**GIVEN DATA**.
*-*-*
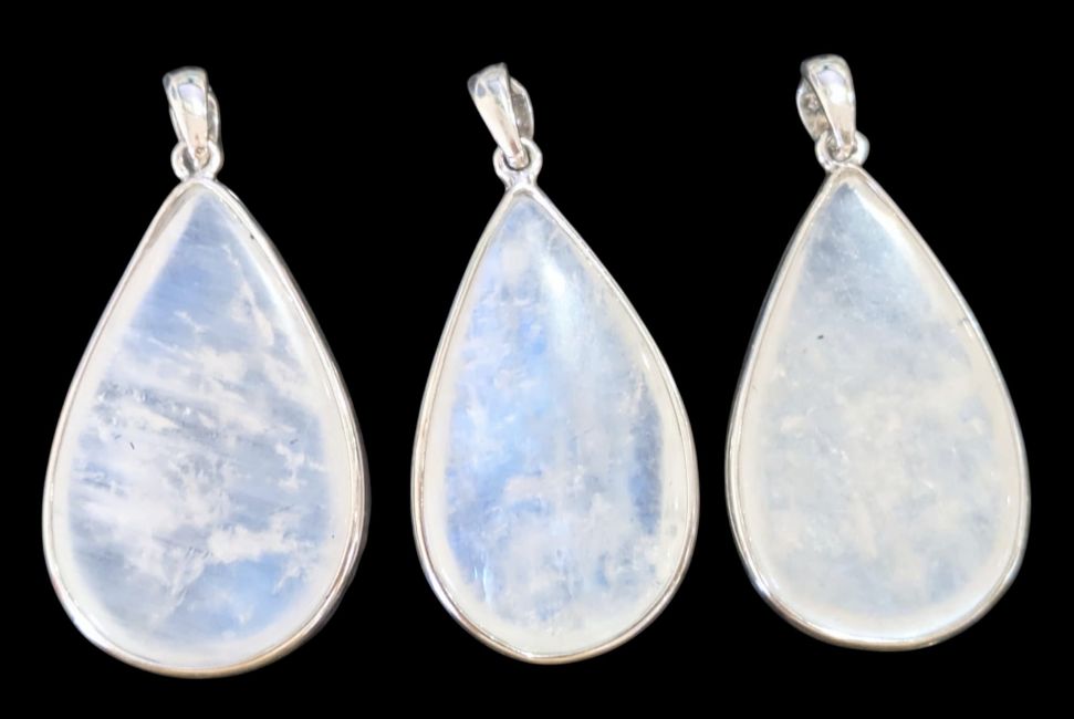 Ciondolo in argento sterling 925 con pietra di luna bianca AAA, 3 pezzi, 11,07 g
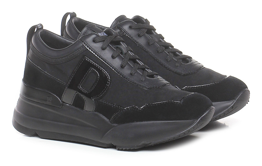 Sneaker in tessuto, pelle, camoscio e vernice, suola in gomma. Altezza suola: 50, platform 30 con battuta 20.
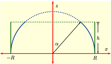 $$ z \ = \ \sqrt{R^2 - x^2}\,, \quad |x| \le R\,,$$
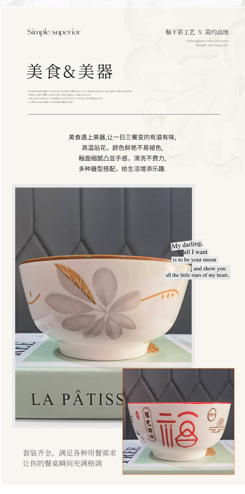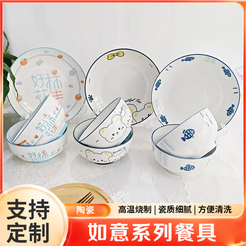 如意系列餐具陶瓷米饭可爱卡通釉下彩家用沙拉碗饭碗儿童吃饭汤碗
*-*-*
**EXERCISE GOAL**. Across the whole listing above, repeat each line exactly and leave out the images.

**RESULT BELOW**.
 Ciondolo in argento sterling 925 con pietra di luna bianca AAA, 3 pezzi, 11,07 g
 Sneaker in tessuto, pelle, camoscio e vernice, suola in gomma. Altezza suola: 50, platform 30 con battuta 20.
 $$ z \ = \ \sqrt{R^2 - x^2}\,, \quad |x| \le R\,,$$
 如意系列餐具陶瓷米饭可爱卡通釉下彩家用沙拉碗饭碗儿童吃饭汤碗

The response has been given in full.